"Орсон Скотт Кард. Подмастерье Элвин (Цикл "Сказание о Мастере Элвине", книга третья)" - читать интересную книгу автора

бальная зала внизу... когда он ввел Долорес в просторный новый особняк,
который построил для нее, то сказал: "Наши дочери в этой бальной зале
встретят своих суженых и впервые прикоснутся к их рукам, точно так же, как
когда-то соприкоснулись наши руки в доме твоего отца". Теперь Долорес
больше не заходила в бальную залу. Вниз она спускалась только по
воскресеньям, чтобы посетить воскресную службу, а также в те редкие дни,
когда в дом прибывали новые рабы и их надо было покрестить.
Люди, видя ее редкие появления на публике, восхищались мужеством и
преданностью этой пары. Но восхищение соседей - утешение весьма слабое,
когда перед глазами у тебя каждый день маячат рухнувшие мечты. Все, о чем
Кэвил молился, о чем просил, обратилось в прах... как будто сам Господь,
просмотрев список просьб, поставил на каждой строчке "нет, нет, нет".
Мужчина с более слабой верой не перенес бы подобных разочарований -
непременно сломался бы, озлобился.
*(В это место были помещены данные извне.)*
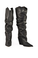 Оригинален дамски артикул: БОТИ - от ALEXANDRE VAUTHIER. Състав: 100% ДРУГИ ВЛАКНА - подметка: 100% КОЖА. Висококачествена, уникална и елегантна визия. Модел: плисирани боти, Ток: Тексас, Височина на тока: 11 см, Височина на халката: 40 см, Обиколка на прасеца: 36 см, Подметка: кожа.

Но Кэвил Плантер был благочестивым,
праведным человеком, поэтому каждый раз, когда ему начинало казаться, что
Господь поступил с ним несправедливо, он сразу бросал работу, которой в
тот момент занимался, вытаскивал из кармашка маленький Псалтирь и
зачитывал вслух слова мудрого человека:
"На Тебя, Господи, уповаю, да не постыжусь вовек; по правде Твоей
избавь меня.
Приклони ко мне ухо Твое, поспеши избавить меня. Будь для меня каменною
твердынею, домом прибежища, чтобы спасти меня" [Библия, Псалтирь, псалом
30].
Он полностью отдавался чтению псалма, и вскоре от сомнений и обид даже
следа не оставалось. Господь по-прежнему сопутствовал Кэвилу Плантеру, не
покидая его в горестях и бедах.
Но однажды утром внимание Кэвила вдруг привлекли первые два стиха
шестнадцатой главы Книги Бытия:
"Но Сара, жена Аврамова, не рождала ему. У ней была служанка Египтянка,
именем Агарь.
И сказала Сара Авраму: вот, Господь заключил чрево мое, чтобы мне не
рождать; войди же к служанке моей; может быть, я буду иметь детей от нее".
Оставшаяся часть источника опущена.